[TIP] Test discovery for unittest

Michael Foord fuzzyman at voidspace.org.uk
Fri Apr 10 14:19:48 PDT 2009


Marius Gedminas wrote:
> On Tue, Apr 07, 2009 at 06:04:42PM +0100, Michael Foord wrote:
>   
>> Marius Gedminas wrote:
>>     
>>> I don't think I can give this discussion the full attention it deserves,
>>> but I'll at least outline the conventions that the Zope 3 world uses for
>>> tests:
>>>
>>>       
> <snip>
>   
>>> Is this compatible with what you're discussing?  I'm kind of wondering
>>> about the talk about controlling recursion.
>>>   
>>>       
>> It sounds *similar*, except:
>>
>> - Test modules can be discovered from the file system by a loader / 
>> custom suite
>> - Tests are loaded in the normal unittest way - by finding all TestCase 
>> subclasses in each module found
>>     
>
> Zope 3 has some abstract base classes that subclass unittest.TestCase.
> I believe that's the reason for listing the ones you want explicitly
> instead of using unittest's autodiscovery.
>   

The point of discovery is to avoid having to list things explicitly, you 
don't have to use it.

If you look at the prototype you'll see that it skips classes that don't 
have any tests on them.

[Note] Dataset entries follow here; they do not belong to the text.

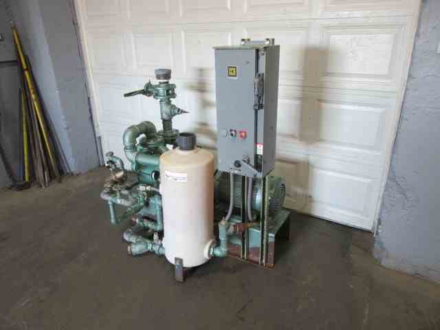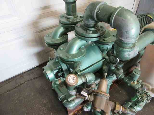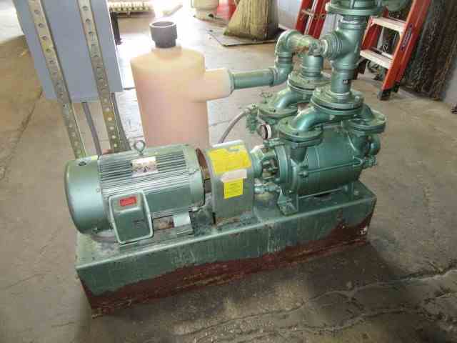 Used 15 HP Robushi Liquid Ring Vacuum Pump, Model RVM 1902 XC, Serial number K0252 SA. 15 HP motor, 208-230/460 voltage, 3 phase-1450 Rpm. Approx. 200 CFM. On steel plate with piping. Includes motor starter and disconnect. Includes stop start button. Data curve chart available upon request.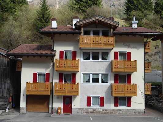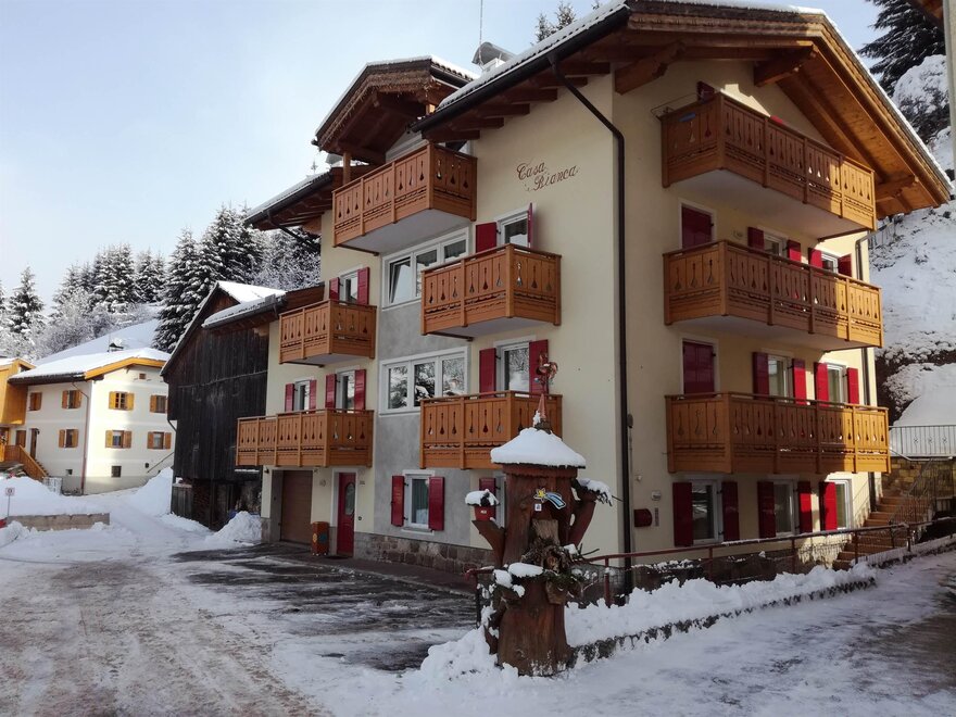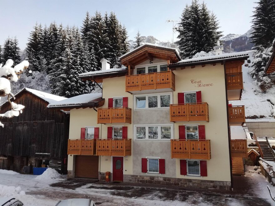 Dom Biały, wraz z przyległym stodołą, został odrestaurowany w zimie 2007, znajduje się w Soraga w Val di Fassa, oddalony o 2 km od Moeny i 3 km od Pozzy i Vigo di Fassa. Łatwo dostępny o każdej porze roku. Posiada dużą przestrzeń parkingową, oddalony o 5 minut od centrum i placu zabaw, a także sąsiaduje z trasą rowerową, która zimą staje się trasą narciarską "Marcialonga". Każda jednostka mieszkalna wyposażona jest w telewizor satelitarny, w pełni wyposażoną kuchnię oraz podwójne łazienki i grill na świeżym powietrzu. Dom dysponuje także windą, pralnią, przechowalnią nart oraz wspaniałym ogrodem z trawą, gdzie można się opalać.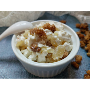 Описание: Незатейливый "зимний" вариант фруктового салата с творогом, консервированной грушей и вяленой шелковицей. Небольшой объём блюда отлично послужит десертом или перекусом.

If your base classes don't have any tests it 
wouldn't be a problem, if they do (why?) then you can use load_tests to 
skip them.

>   
>> - Individual modules can optionally define 'load_tests' in which case 
>> that is called to get the suite from the module
>>     
>
> And the presence of load_tests inhibits the automatic discovery of
> TestCase subclasses?
>
>   

If load_tests exists then it is used to collect tests for the module and 
inhibits *all* automatic discovery for the module (or package).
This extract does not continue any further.